I don’t know for sure, but I think the HW4 computer has significant architectural differences from HW3. It isn’t just a process node and core number upgrade. This is how they can get 3-4x speed improvements over HW3, otherwise it would be like 40% at best (chart CPU speed updates last few years to see what I mean). If I’m right, that would mean the server farm has to create a brand new model for HW4. Meaning that Tesla now has to iterate both HW3 and HW4 models in parallel. So they automatically need to double (or more, maybe HW4 is more server intensive) server compute for this on top of all the other server compute loads V12 is adding.

Anyone who knows more details care to chime in?
So invest in AI server companies? Is NVidia the only play here? The H100 is made up of Intel cores from what I just read. Silent winner? You wouldn't know which processor is even used on this entire page (other than the mention of the PCIe which sounds like the Intel bus architecture). Almost like the Intel processors were white labeled.
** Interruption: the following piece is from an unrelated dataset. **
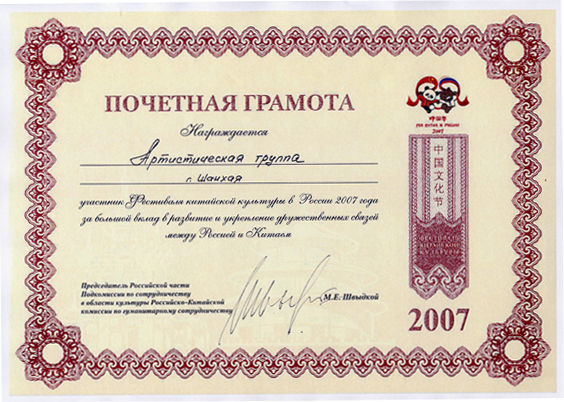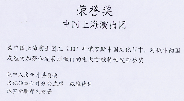 2007年12月12日上海市文广局领导及有关部门为我校舞蹈学院2007年9月1日―27日赴俄罗斯参加中俄文化年“中国年―伏尔加河艺术之旅”访问演出的学生演员举行庆功会,高度赞扬了我院学生在活动的精湛舞艺,并向舞蹈学院领导转发了俄中人文合作委员会主席――施维特科颁发的荣誉证书。

Nvidia rebranded them into their own.
 
Why?

New technology doesn't work until it does. That's the nature of the beast.

We had a lot of failed airplanes before Kitty Hawk.

Because Tesla has a track-record of failing and then changing their approach, and the CEO overstating capability each time. Remember the snake charger? That brief effort was the result of somebody embarrassing Musk at an event when he was talking about summoning the car across the country. That was _2015_.

Also, as far as a "Chat GPT moment" goes, Tesla's already there. Chat GPT makes a lot tons of mistakes requiring human intervention and sometimes just makes stuff up that's completely wrong. Chat GPT has a lot of value despite the errors because it has a low cost of error. FSD has a high cost of error so it has to be way better than Chat GPT to have significant value.
 
So invest in AI server companies? Is NVidia the only play here? The H100 is made up of Intel cores from what I just read. Silent winner? You wouldn't know which processor is even used on this entire page (other than the mention of the PCIe which sounds like the Intel bus architecture). Almost like the Intel processors were white labeled. Nvidia rebranded them into their own.
Nvidia has gone with a more power hungry lower performance Intel cores while their last gen used AMD Epyc cpus. The reason why is because AMD is on the verge of releasing their MI300, which is a x86 CPU+GPU as a single chip packaging(think PS5), much like Nvidia's upcoming Grace product (arm+GPU). Based on AMD's guide for Q4, no Nvidia is not the only game in town. Hampered by software before, AMD's stable diffusion performance finally matched Nvidia's as of 2 weeks ago(Nvidia used to be 16x faster). They have also managed to port existing pytorch code from Nvidia->AMD with no code change under MosaicML.

This is all good news because not only will Tesla have access to alternatives over Nvidia, but we can also see margin drop from Nvidia's price gouging practices. Rumor has it Nvidia's H100 GPUs having a gross margin of around 1000%.
 
I think people should stop hoping that this time it's going to be different.

But that's how technological breakthroughs happen. You iterate, trying different approaches coupled with new knowledge, which fail but bring new wisdom, and after enough failed attempts one finally works.

It only has to work ONCE to be a new disruptive technology. And Tesla's current version of FSD is getting extremely close, so if V12 is more capable then it will get even closer, and maybe will be the one to finally solve real autonomy.